Speaking of 186.crafty (http://www.spec.org/cpu2000/CINT2000/186.crafty/docs/186.crafty.html) it's one of those unusual tests that gets a big benefit from using 64-bit math (perhaps in vectorization, if the compiler is smart enough), much like Geekbench giving an unnatural advantage to AArch64. Which is why I'd really like to see individual SpecInt2k scores so we can see what sorts of things it's really good at and what it's not so good at, and speculate as to why, instead of just going "oooh such big Spec score nice"
 
Speaking of 186.crafty (http://www.spec.org/cpu2000/CINT2000/186.crafty/docs/186.crafty.html) it's one of those unusual tests that gets a big benefit from using 64-bit math (perhaps in vectorization, if the compiler is smart enough), much like Geekbench giving an unnatural advantage to AArch64. Which is why I'd really like to see individual SpecInt2k scores so we can see what sorts of things it's really good at and what it's not so good at, and speculate as to why, instead of just going "oooh such big Spec score nice"
crafty is using 64-bit integers all around the place (bitboard based chess engine).
 
They double IPC from .6 to 1.2 instructions per cycle with their dynamic translation. Decoding ARM V8 instructions and packing them into 7-wide VLIW words and executing in-order is probably pretty far from optimal.



Cheers


Just curious but what's the current benchmark for measured IPC? I have no idea if 1.2 is good, bad or somewhere in between.
 
crafty is using 64-bit integers all around the place (bitboard based chess engine).

Exactly, it's not a good representative test. Maybe vectorization can narrow the gap since NEON has pretty good 64-bit integer support, but that's assuming it can actually trigger. And in some cases it could make things worse - for example Crafty uses a 64-bit clz variant with intrinsics using bsf on x86 and a LUT elsewhere. A compiler that's cheating on this test will turn it into a 64-bit clz if available, but that's not an option on NEON and using its fields as inputs to a LUT is not good.

186.crafty also has very low cache pressure, not just icache but dcache:

http://research.cs.wisc.edu/multifacet/misc/spec2000cache-data/new_tables/186.crafty1_64.tab
 
Exactly, it's not a good representative test. Maybe vectorization can narrow the gap since NEON has pretty good 64-bit integer support, but that's assuming it can actually trigger. And in some cases it could make things worse - for example Crafty uses a 64-bit clz variant with intrinsics using bsf on x86 and a LUT elsewhere. A compiler that's cheating on this test will turn it into a 64-bit clz if available, but that's not an option on NEON and using its fields as inputs to a LUT is not good.

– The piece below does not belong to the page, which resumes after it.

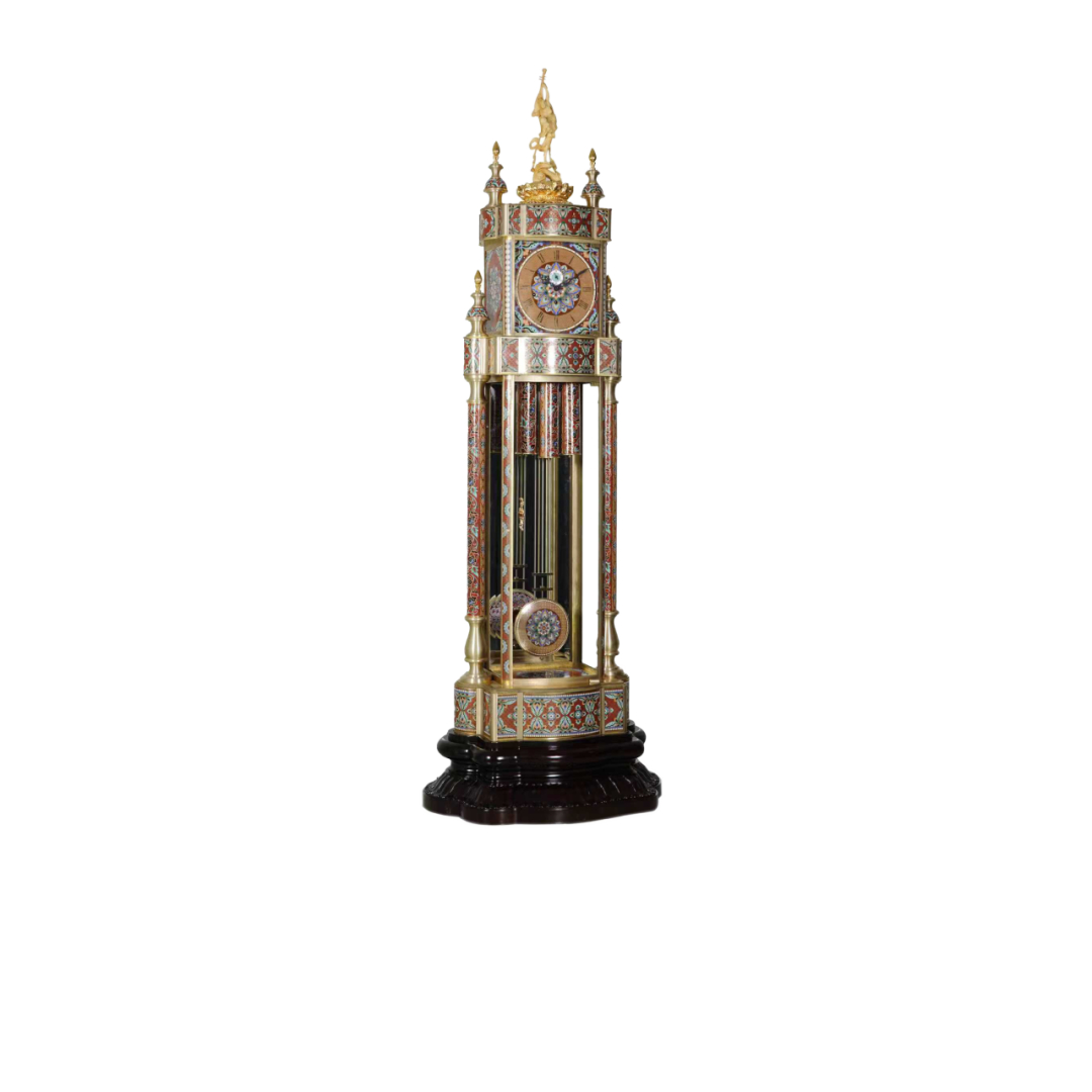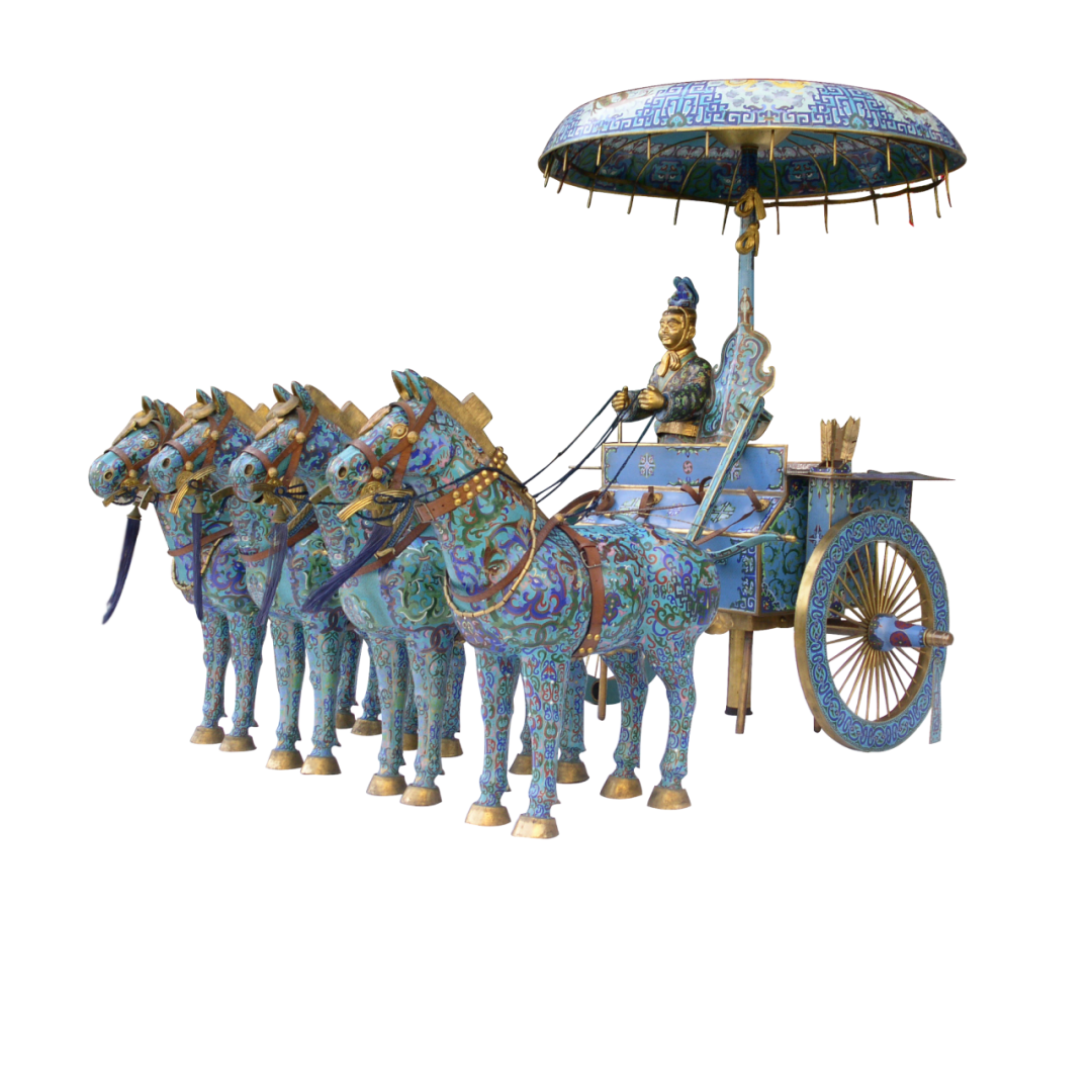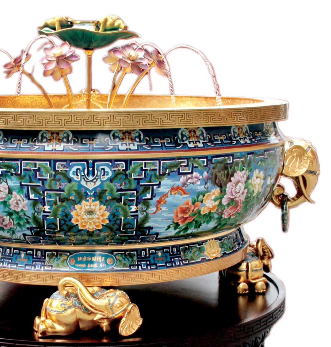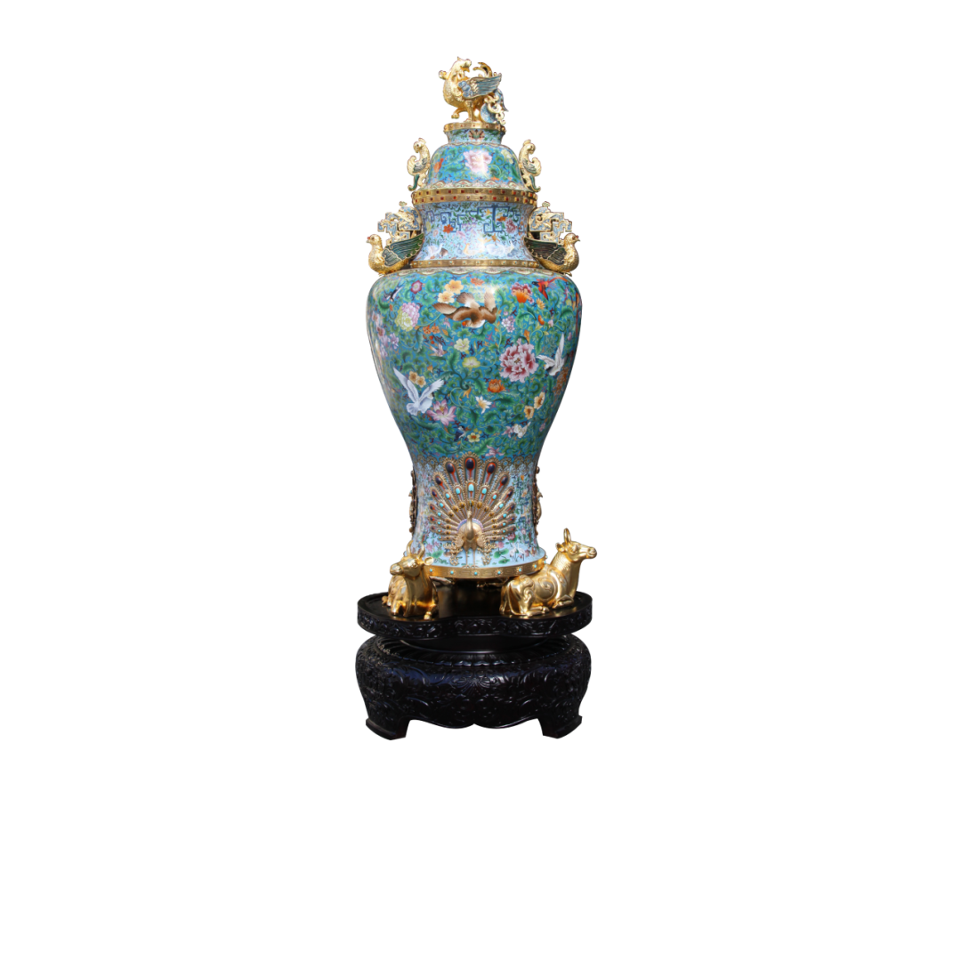 自元代沿丝绸之路迤逦而来,经明清两代宫廷匠心的千锤百炼,成为中华工艺美学的一座高峰。制胎、掐丝、点蓝、烧蓝、镀金、磨光——繁复工序方能成就一件景泰蓝的璀璨华光。铜板在工匠手中成型为骨,纤细铜丝被精心盘曲为画,釉料化作斑斓彩绘填入其中,再经历烈火熔炼与反复打磨,终成流光溢彩的艺术精品。

186.crafty also has very low cache pressure, not just icache but dcache:

http://research.cs.wisc.edu/multifacet/misc/spec2000cache-data/new_tables/186.crafty1_64.tab
IMHO only 176.gcc can be considered as representative in SPEC 2000. And that's why as you wrote having individual scores would have been much more interesting (though I wonder if SPEC rules wouldn't forbid that...).
 
Just curious but what's the current benchmark for measured IPC? I have no idea if 1.2 is good, bad or somewhere in between.

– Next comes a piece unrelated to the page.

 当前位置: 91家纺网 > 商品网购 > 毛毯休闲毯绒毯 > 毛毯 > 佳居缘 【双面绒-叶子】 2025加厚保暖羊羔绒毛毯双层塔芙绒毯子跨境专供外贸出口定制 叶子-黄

I would also like to know.

Since the IPC starts out at 0.6 using the ARM HW Decoder and then doubles to 1.2 using the Optimized ucode I take that to mean that the IPC mentioned in the slides is the ARMv8 instruction set and not the Nvidia ucode instructions.

Architecturally, the Cortex A57 is much like a tweaked Cortex A15 with 64-bit support. The CPU is still a 3-wide/3-issue machine with a 15+ stage pipeline. ARM has increased the width of NEON execution units in the Cortex A57 (128-bits wide now?) as well as enabled support for IEEE-754 DP FP. There have been some other minor pipeline enhancements as well. The end result is up to a 20 - 30% increase in performance over the Cortex A15 while running 32-bit code. Running 64-bit code you'll see an additional performance advantage as the 64-bit register file is far simplified compared to the 32-bit RF.

http://www.anandtech.com/show/6420/arms-cortex-a57-and-cortex-a53-the-first-64bit-armv8-cpu-cores
Does anyone have the IPC for SpecInt:Crafty Execution on Cortex A15's or any preliminary IPC data for the Cortex A57?